All of these are matters with which Jennings has personal acquaintance. In his "particular chicken-scratched swatch of New Hampshire, postwar prosperity was a rumor." He "was born into a ramshackle husk of a house that had no indoor plumbing except for cold running water that froze in the pipes come winter -- and the occasional hot running rat." His family "lived in 'the other America,' busted, hurting, silent." His "was a family of mangy foxes, a sly, shifty, and shiftless lot, who, when faced with authority, licked its shiny boots. We had adulterers, drunks, and glue sniffers (ah, Testors!); wife beaters, husband beaters, and child abusers; pyros, nymphos, and card cheats; smugglers and folks who were always sticking their cold, bony hands where they didn't belong."

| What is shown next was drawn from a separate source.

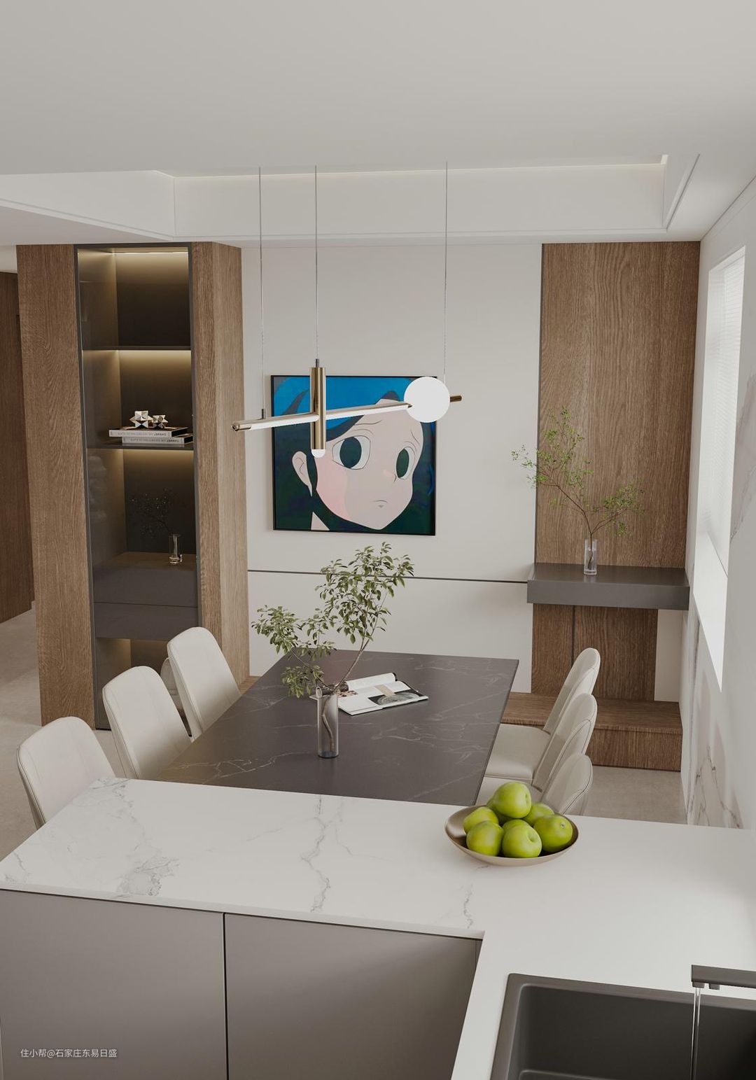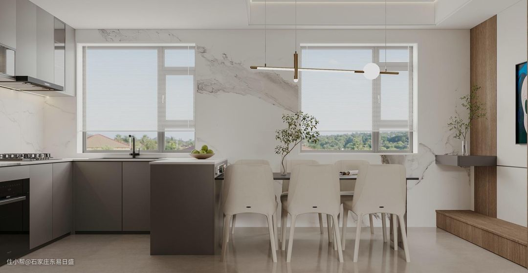 现代化的餐椅餐桌虽然没有过多繁琐的元素装饰,用一颗绿植点缀,却能够营造出一种大方舒适的空间氛围感。同时开放式的厨房和餐厅加强了互动。

Incredibly, Jennings made it out of Kingston. He got himself to the University of New Hampshire, then into writing and journalism; he's published several novels and is an editor at the New York Times. The examples of his prose quoted herein make plain that he writes lucidly, but there are times -- too many of them, for my taste -- when he thumbs his nose at "the prissy conventions of grammar" and flexes his hardscrabble bona fides. One such passage, for example, is sandwiched between two perfectly conventional paragraphs. "Weren't nobody happy when Ma got pregnant with me in 1957," it begins, "what with her being barely seventeen and all and the father being my old man, who wasn't nobody's idea of a young go getter. Me? I can't complain -- I got borned, didn't I?" Et cetera. Obviously Jennings chose to go bumpkin as a way of emphasizing his deep and lasting intimacy with the music about which he writes, but for me it doesn't work. It sounds contrived and artificial. A North Carolina newspaper editor of many years past liked to call such prose "shucks and nubbins," and it seems as fake now as it did then, all the more so when the reader is fully aware that the writer is perfectly capable of using the king's English.
This is Jennings's choice and he's entitled to it, but I wish he'd resisted the temptation. Sing Me Back Home is, at its best, a very good book and a useful addition to the rather sparse literature of country music, but its lapses into mannered yokelisms diminish it considerably.